The intention of this project is to demonstrate the function of production planning in a non - artificial environment. Through this simulation we are able to forecast, with a degree of certainty the monthly requirements for end products, subassemblies, parts and raw materials. We are supplied with information that we are to base our decisions on. The manufacturer depicted in this simulation was actually a General Electric facility that produced black and white television sets Syracuse, New York. Unfortunately this plant is no longer operational, it was closed down and the equipment was shipped off to China. One can only wonder if the plant manager would have taken Professor Moily's class in production management the plant still might be running.
Modern production management or operation management (OM) systems first came to prominence in the early half of the twentieth century. Frederick W. Taylor is considered the father of operations management and is credited in the development of the following principles.
a. Scientific laws govern how much a worker can produce in a day.
b. It is the function of management to discover and use these laws in operation of productive systems.
c. It is the function of the worker to carry out management's wishes without question.
Many of today's method's of operation management have elements of the above stated principles. For example, part of Material Requirement Planning system (MRP) is learning how workers to hire, fire, or lay idle. This is because it we realize the a worker can only produce so many widgets a day, can work so many hours a day, and so many days a year.
I will disagree with principle "c" in that the worker should blindly carry out the wishes of management. Successful operations are based upon a two-way flow of thought and suggestions from management to labor. This two-way flow of ideas is incorporated into another modern system of operations management, the Just - In - Time system.
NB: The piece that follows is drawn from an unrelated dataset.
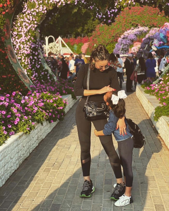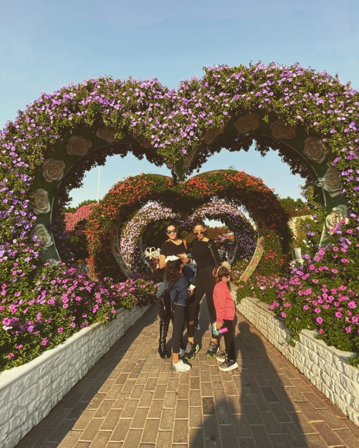 وظهرت بوسيل مع أسرتها في الصور داخل إحدى الحدائق المشهورة في دبي، وعلقت: "الحب هو سر كل شيء في هذا العالم.. وقت العائلة".

Eastman Kodak gives monetary rewards to employees who devises an improvement in a current process or suggests an entirely new process of manufacturing. Often a small suggestion can yield a big reward when applied to a mass-produced item.
In this project we are presented with the following information: bounds for pricing decisions, market share determination, the product explosion matrix, sales history (units per month at average price), unit value, setup man-hours, running man hours, initial workforce, value of inventory, on hand units. We also know that we have eight end products, four subassemblies, eight parts, and four raw materials. The eight end products are comprised entirely from the subassemblies, parts, and raw materials. From this information I was able to determine how many units of each final product, how many units of parts to produce in a month, how many units of raw material to order every month and how to price the final products.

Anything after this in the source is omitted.